== Segment start ==

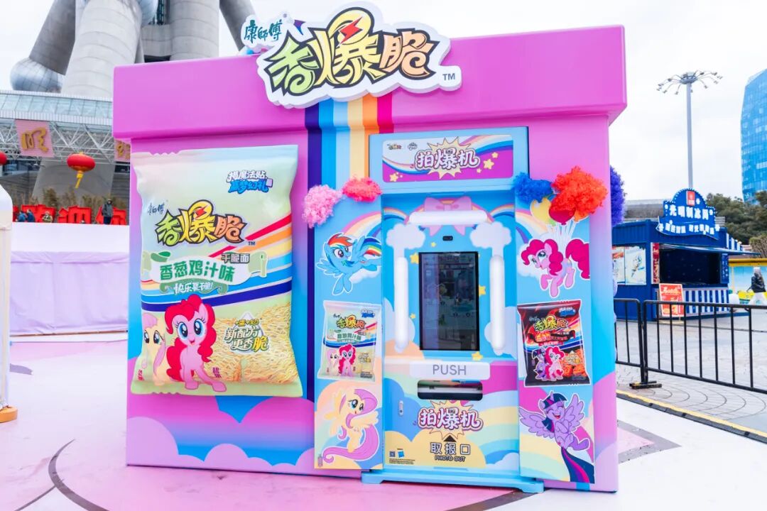在春節(jié)前后的2月4日至27日,康師傅香爆脆聯(lián)合小馬寶莉,在上海東方明珠塔下精心打造了以“友誼魔法”為主題的沉浸式線下新春市集——“小馬寶莉友誼魔法新春花園”,每一處設(shè)計(jì)都緊扣“體驗(yàn)驅(qū)動(dòng)轉(zhuǎn)化”核心戰(zhàn)略,擺脫了單純的品牌秀場(chǎng)屬性。
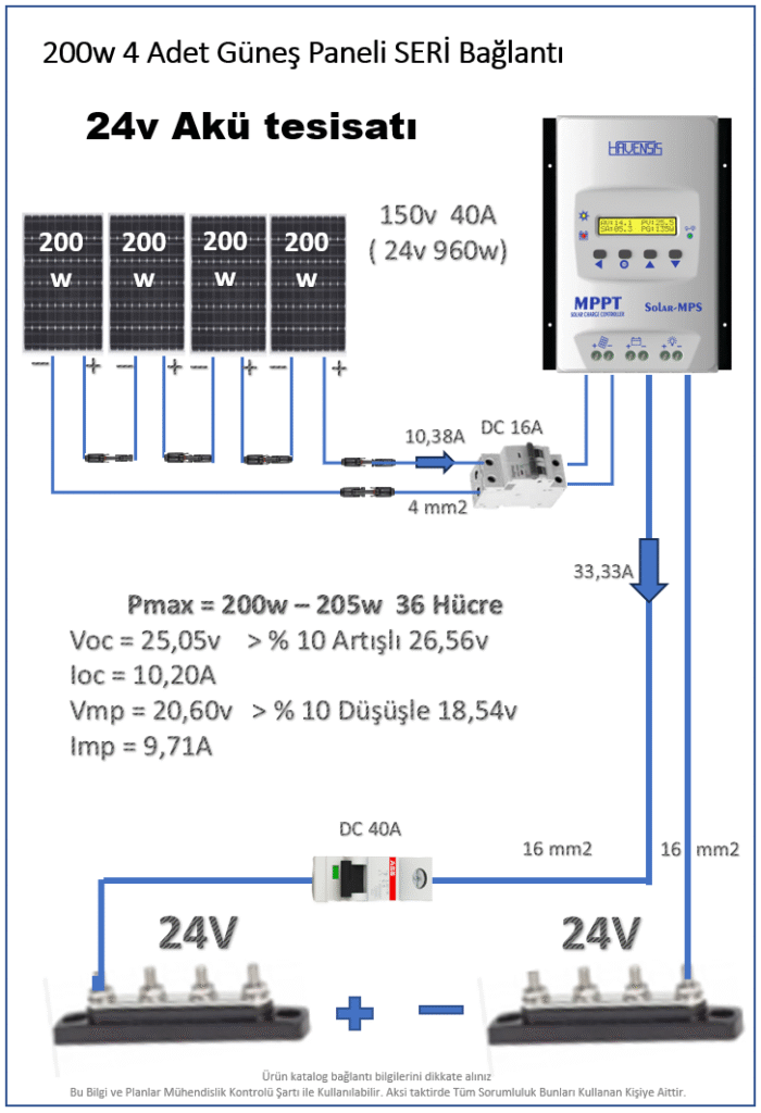 • Bu planda 200w 205w seri bağlı 4 adet güneş paneli ile 24V Akü tesisat kurulumu yapılmıştır
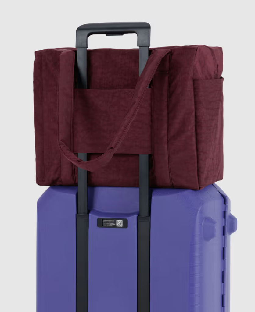 Una bolsa de viaje optimizada para volar: cabe debajo del asiento del avión, encima de tu maleta con ruedas o sobre tu hombro. Los bolsillos exteriores mantienen tus esenciales de viaje al alcance, incluyendo un bolsillo tecnológico que acomoda una laptop de hasta 16”, y bolsillos laterales para tu botella de agua y pase de abordar. La bolsa se guarda fácilmente doblándola dentro de su propio estuche interior desmontable.
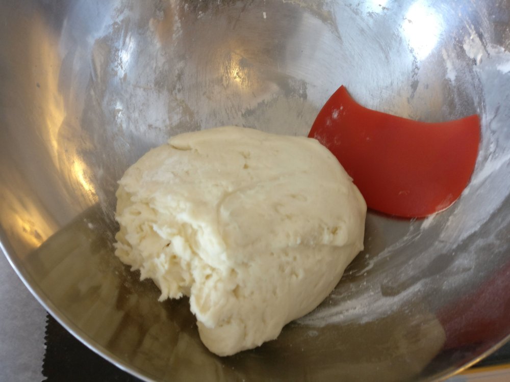 2.Tee jauhoseos ja sekoita tasaiseksi. Lisää sen päälle kädenlämpöinen sitkoliemi ja vaivaa sähkövatkaimen taikinakoukuilla tasaiseksi. Lisää jälkisitkon ainekset ja sekoita tasaiseksi. Anna levätä 10min kylmässä.
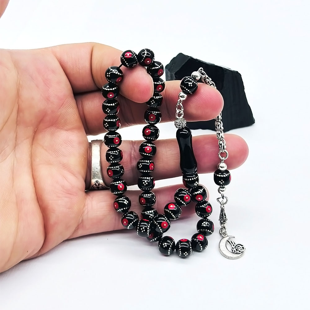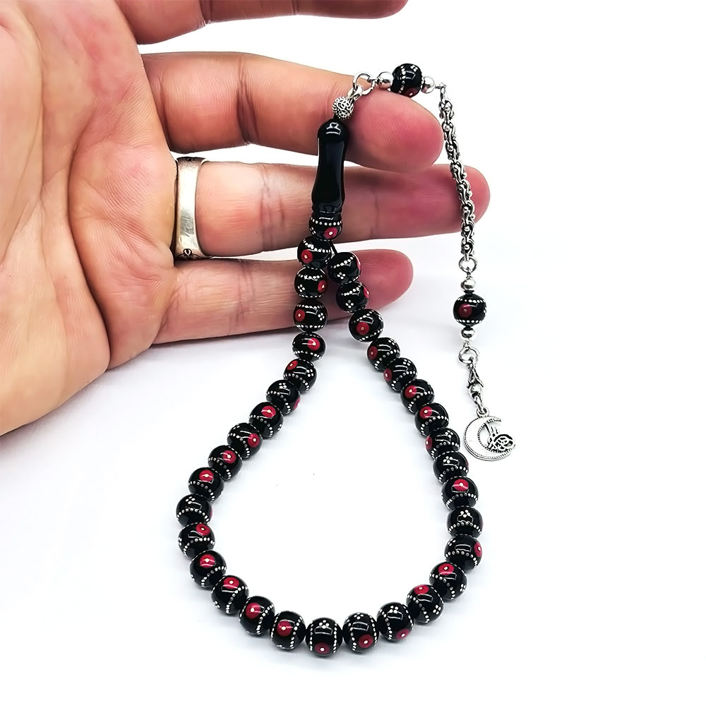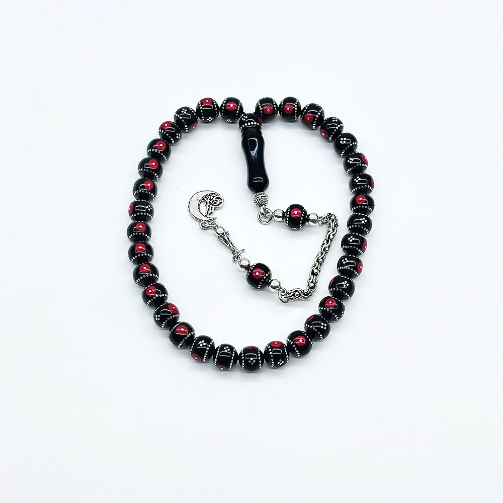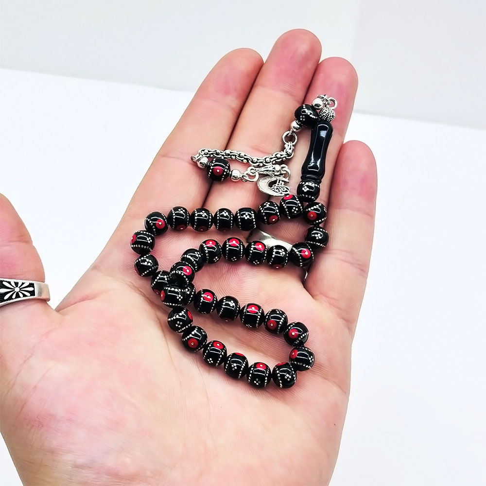 Kırmızı Bilek Boy Gümüş İşlemeli Erzurum Oltu Taşı Tesbih
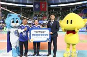 스페이스뉴스 스페이스뉴스 기자 | 이장우 대전시장은 21일 대전충무체육관에서, 6개월간의 V-리그 대장정에 나서는 연고팀 대전 삼성화재 블루팡스의 승리를 기원하는 시구에 참여했다. 1세트 종료 후에는 삼성화재 블루팡스×꿈돌이 굿즈를 공동 브랜딩을 위한 상호협력 협약을 체결하고, 스포츠마케팅을 확장하기로 했다. [뉴스출처 : 대전시]
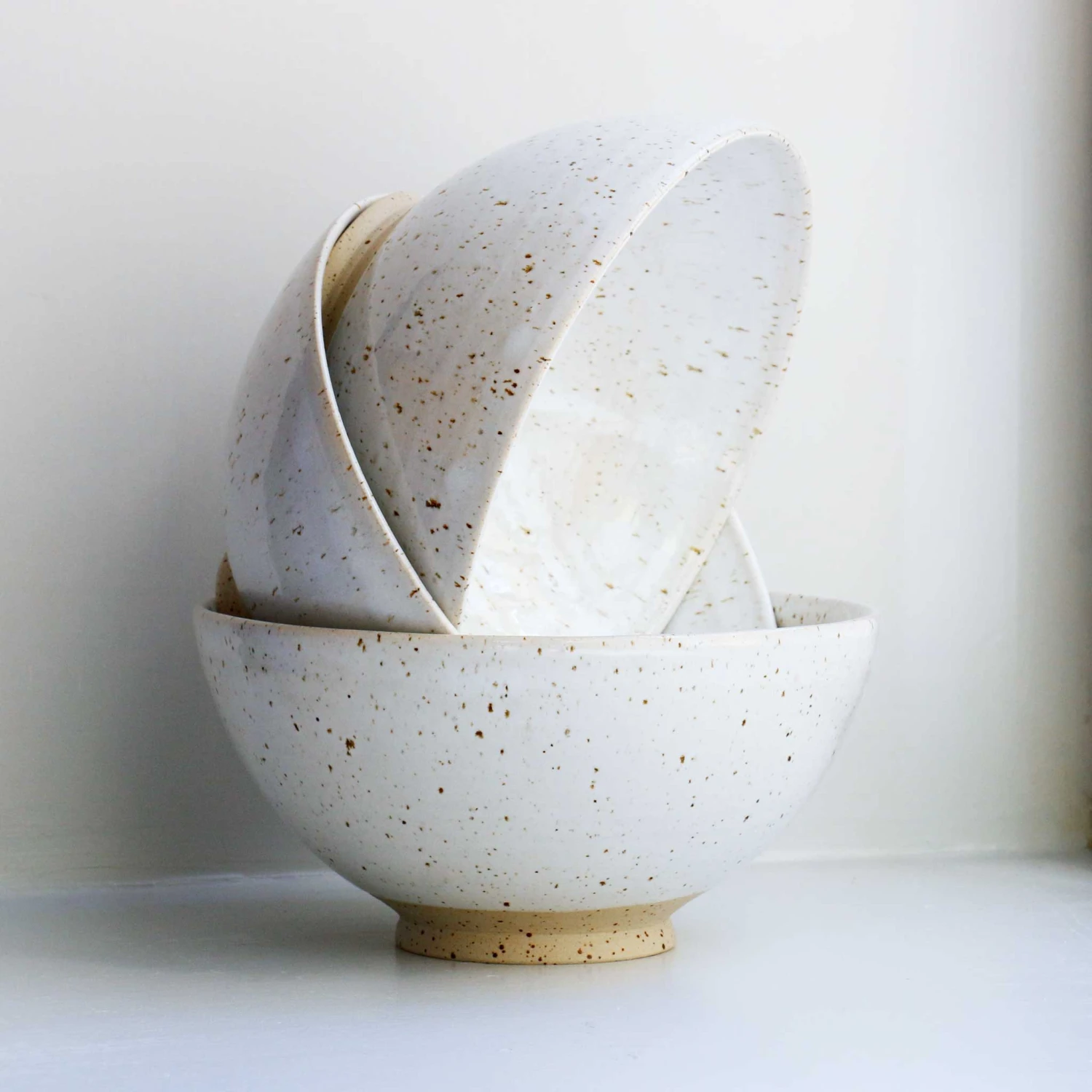 The Spring Bowl is hand-thrown in speckled stoneware clay and decorated in a wide range of natural, funky and earthy glazes.
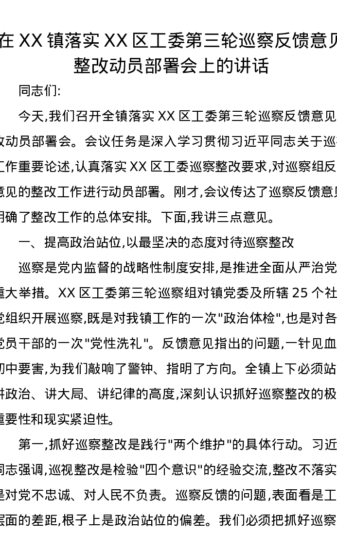 在XX镇落实XX区工委第三轮巡察反馈意见整改动员部署会上的讲话

== Segment end ==

# WORK TASK
Produce an exact copy of the lines from the line with "tesisat kurulumu yapılmıştır" through the last line of the data above, both ends included. No pictures belong in it.

# TASK SOLUTION
 • Bu planda 200w 205w seri bağlı 4 adet güneş paneli ile 24V Akü tesisat kurulumu yapılmıştır
 Una bolsa de viaje optimizada para volar: cabe debajo del asiento del avión, encima de tu maleta con ruedas o sobre tu hombro. Los bolsillos exteriores mantienen tus esenciales de viaje al alcance, incluyendo un bolsillo tecnológico que acomoda una laptop de hasta 16”, y bolsillos laterales para tu botella de agua y pase de abordar. La bolsa se guarda fácilmente doblándola dentro de su propio estuche interior desmontable.
 2.Tee jauhoseos ja sekoita tasaiseksi. Lisää sen päälle kädenlämpöinen sitkoliemi ja vaivaa sähkövatkaimen taikinakoukuilla tasaiseksi. Lisää jälkisitkon ainekset ja sekoita tasaiseksi. Anna levätä 10min kylmässä.
 Kırmızı Bilek Boy Gümüş İşlemeli Erzurum Oltu Taşı Tesbih
 스페이스뉴스 스페이스뉴스 기자 | 이장우 대전시장은 21일 대전충무체육관에서, 6개월간의 V-리그 대장정에 나서는 연고팀 대전 삼성화재 블루팡스의 승리를 기원하는 시구에 참여했다. 1세트 종료 후에는 삼성화재 블루팡스×꿈돌이 굿즈를 공동 브랜딩을 위한 상호협력 협약을 체결하고, 스포츠마케팅을 확장하기로 했다. [뉴스출처 : 대전시]
 The Spring Bowl is hand-thrown in speckled stoneware clay and decorated in a wide range of natural, funky and earthy glazes.
 在XX镇落实XX区工委第三轮巡察反馈意见整改动员部署会上的讲话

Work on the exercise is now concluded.